» WORKING DATA:
+ + + +

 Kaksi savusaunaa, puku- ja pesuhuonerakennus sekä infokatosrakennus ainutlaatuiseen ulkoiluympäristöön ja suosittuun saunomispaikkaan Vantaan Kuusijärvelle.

+ + + +

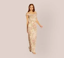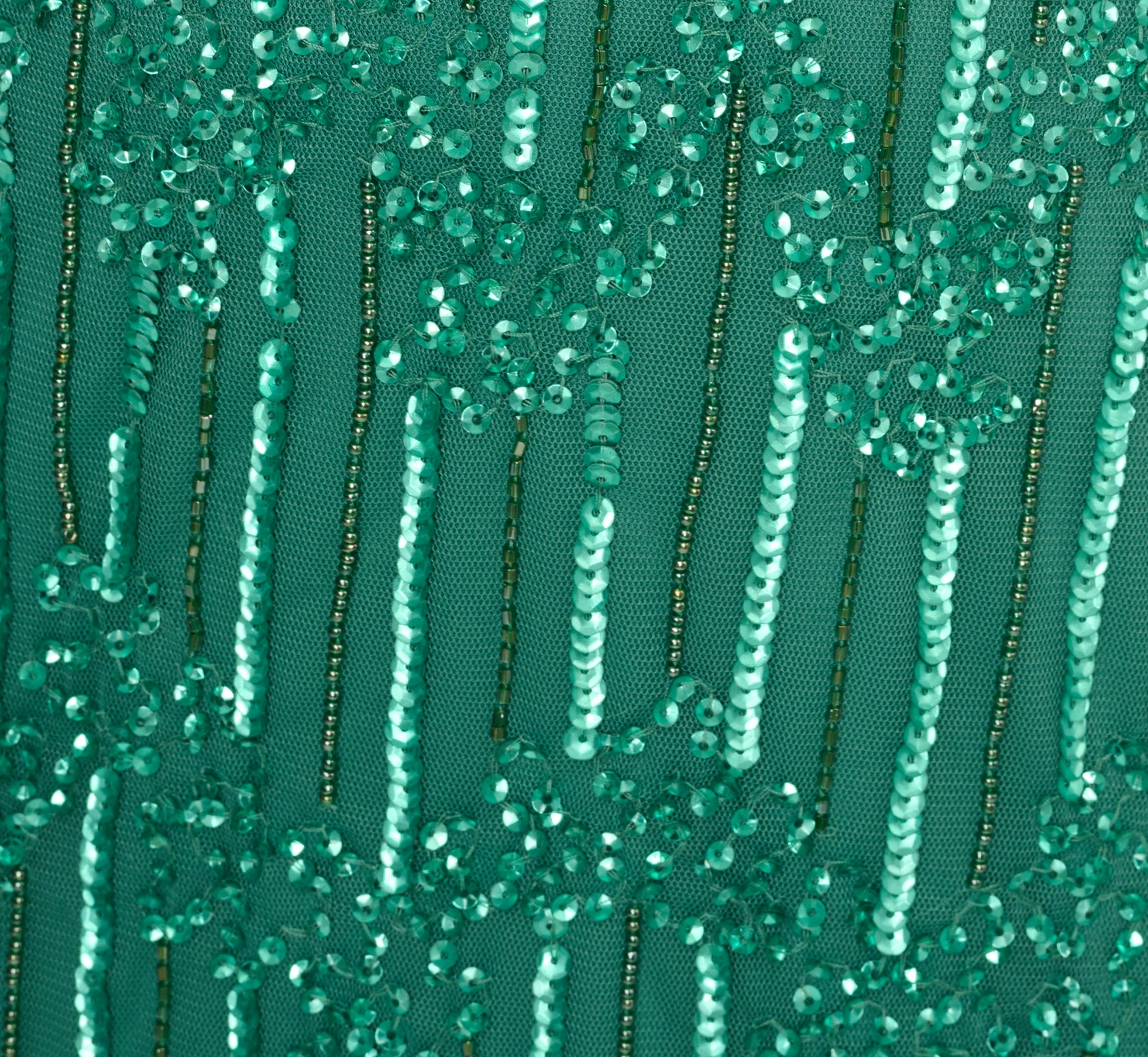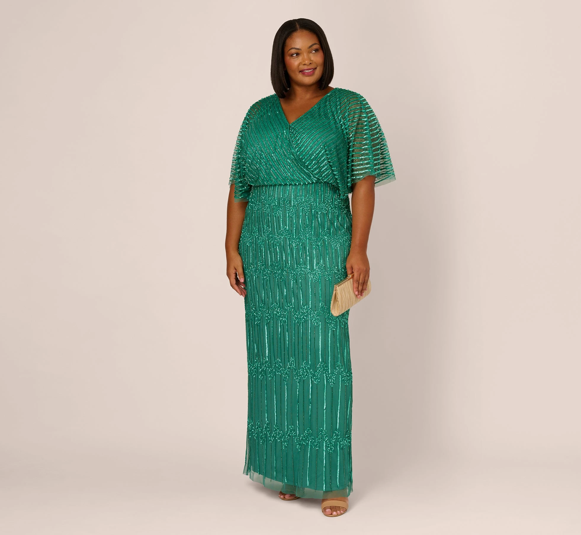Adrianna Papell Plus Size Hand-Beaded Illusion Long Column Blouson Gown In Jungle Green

+ + + +

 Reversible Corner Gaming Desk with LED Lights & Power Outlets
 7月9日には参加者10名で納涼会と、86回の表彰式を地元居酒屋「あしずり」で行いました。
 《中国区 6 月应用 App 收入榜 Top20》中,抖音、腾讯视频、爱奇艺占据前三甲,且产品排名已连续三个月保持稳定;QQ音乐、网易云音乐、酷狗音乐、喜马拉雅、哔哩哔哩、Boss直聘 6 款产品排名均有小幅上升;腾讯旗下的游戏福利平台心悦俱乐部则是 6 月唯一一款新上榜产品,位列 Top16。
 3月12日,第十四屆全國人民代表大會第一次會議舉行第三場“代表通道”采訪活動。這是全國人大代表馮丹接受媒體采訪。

+ + + +

» WORK TO COMPLETE: Word for word, restate the lines above from the line containing "7月9日には参加者10名で納" through the line containing "3月12日,第十四屆全國人民", with both included and nothing else.

» WORKED SOLUTION:
 7月9日には参加者10名で納涼会と、86回の表彰式を地元居酒屋「あしずり」で行いました。
 《中国区 6 月应用 App 收入榜 Top20》中,抖音、腾讯视频、爱奇艺占据前三甲,且产品排名已连续三个月保持稳定;QQ音乐、网易云音乐、酷狗音乐、喜马拉雅、哔哩哔哩、Boss直聘 6 款产品排名均有小幅上升;腾讯旗下的游戏福利平台心悦俱乐部则是 6 月唯一一款新上榜产品,位列 Top16。
 3月12日,第十四屆全國人民代表大會第一次會議舉行第三場“代表通道”采訪活動。這是全國人大代表馮丹接受媒體采訪。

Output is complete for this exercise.